Dwie nowe lustrzanki, których premiery miały miejsce wczoraj, nie robią wrażenia nowatorskimi funkcjami czy technologicznymi rewolucjami. No po prostu nie sprawdzają się jako materiał na sensacyjnego newsa czy gorącą dyskusję. Tylko czy to źle o nich świadczy?
No, może Pentax K-1 jest troszkę sensacyjny, ale tylko dlatego, że to pierwszy pełnoklatkowy cyfrowy Pentax. Podyskutować sobie można jeszcze o kilku wbudowanych latarkach i o dziwnym mocowaniu odchylanego ekranu. Aparat ma stabilizowaną matrycę, którą sprytnie wykorzystuje do wykonania kilku ujęć i złożenia ich w jedno, dla uzyskania wyższej szczegółowości, ale bez zwiększania rozdzielczości (Pixel Shift Resolution), a także do symulowania filtra antyaliasingowego – przy czym w świecie Pentaxa obie te funkcje to nie nowość.

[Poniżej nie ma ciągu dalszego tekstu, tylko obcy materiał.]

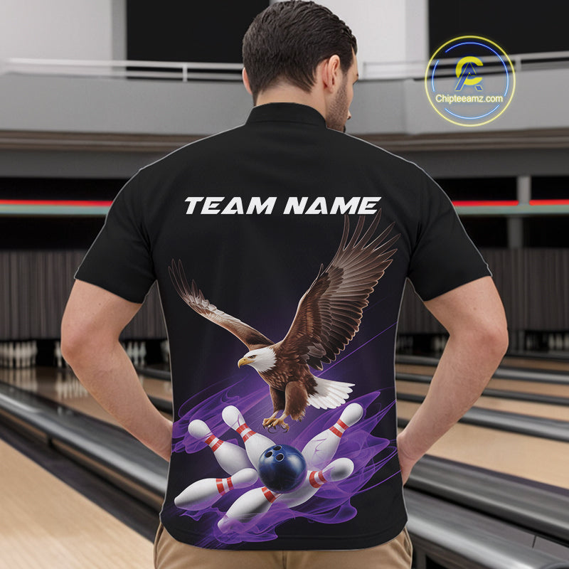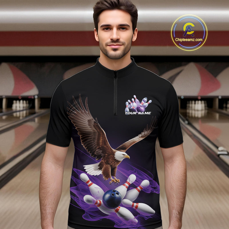 Custom Purple Flame Eagle Bowling Team Quarter-Zip Shirts For Men, Bowling Tournament Shirt IPHW9369
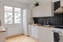 Köket har en vacker och harmonisk färgsättning som ger en inbjudande atmosfär. De öppna ytorna mot matplatsen skapar en naturlig övergång och ger möjlighet till härliga sociala stunder. De dubbla fönsterpartierna släpper in ett generöst ljus och bidrar till rummets ljusa och luftiga känsla. Här märks en äldre charm med klassiska detaljer och en tidlös karaktär, vilket ger köket en unik och personlig prägel.

Poza tym: 36-megapikselowa matryca, 33 punkty autofokusa (z tego 25 krzyżowych), duży wizjer, dwa gniazda na karty SD, Wi-Fi, GPS, solidne uszczelnienia (jak to Pentax), dużo dobrze rozplanowanych przycisków i pokręteł. Czego chcieć więcej? No dobra, powody do narzekań zawsze się znajdą, ale jeśli ktoś chciał pełnoklatkowy aparat z mocowaniem dla obiektywów Pentaxa – to proszę bardzo. I jeśli coś ze zdjęciami będzie nie tak, to z pewnością problem nie będzie leżał po stronie aparatu.

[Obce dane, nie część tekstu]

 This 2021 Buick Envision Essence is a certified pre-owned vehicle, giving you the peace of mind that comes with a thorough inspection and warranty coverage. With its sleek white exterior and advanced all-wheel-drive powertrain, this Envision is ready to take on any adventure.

Jeszcze mniej rewolucyjny jest Canon 80D. 4 megapiksele więcej niż w 70D, nowy, 45-punktowy autofokus (wszystkie punkty krzyżowe, z tego 27 działa przy obiektywach o jasności f/8), Wi-Fi z NFC oraz GPS (ha! da się wszystko to zmieścić w jednej lustrzance), trochę lepszy wizjer, filmy FullHD do 60 kl/s, lepsze ostrzenie w trybie LiveView. Przy filmowaniu mamy tryb HDR (ale to już było w 760D) oraz interwał składający zdjęcia od razu do filmów (to z kolei było np. w Nikonach). Nic rewolucyjnego ani zaskakującego, może poza ceną, która ma być w momencie premiery nieco wyższa niż obecna cena Canona 7D Mark II – ale to w ciągu kilku miesięcy się unormuje.
Pentax zawsze był firmą sprawiającą wrażenie, że ma inżynierów, którzy używają aparatów, a nie tylko je projektują. Canon z kolei jest liderem na rynku i sprzedaje więcej aparatów z wymienną optyką niż dowolna inna firma. Jeśli obie te firmy w bardzo ważnych dla siebie aparatach stawiają na ewolucję, a nie rewolucję, to może mają rację? Czy wszystko, czego fotograf dzisiaj potrzebuje, to drobne usprawnienia, a nie radykalnie nowe pomysły?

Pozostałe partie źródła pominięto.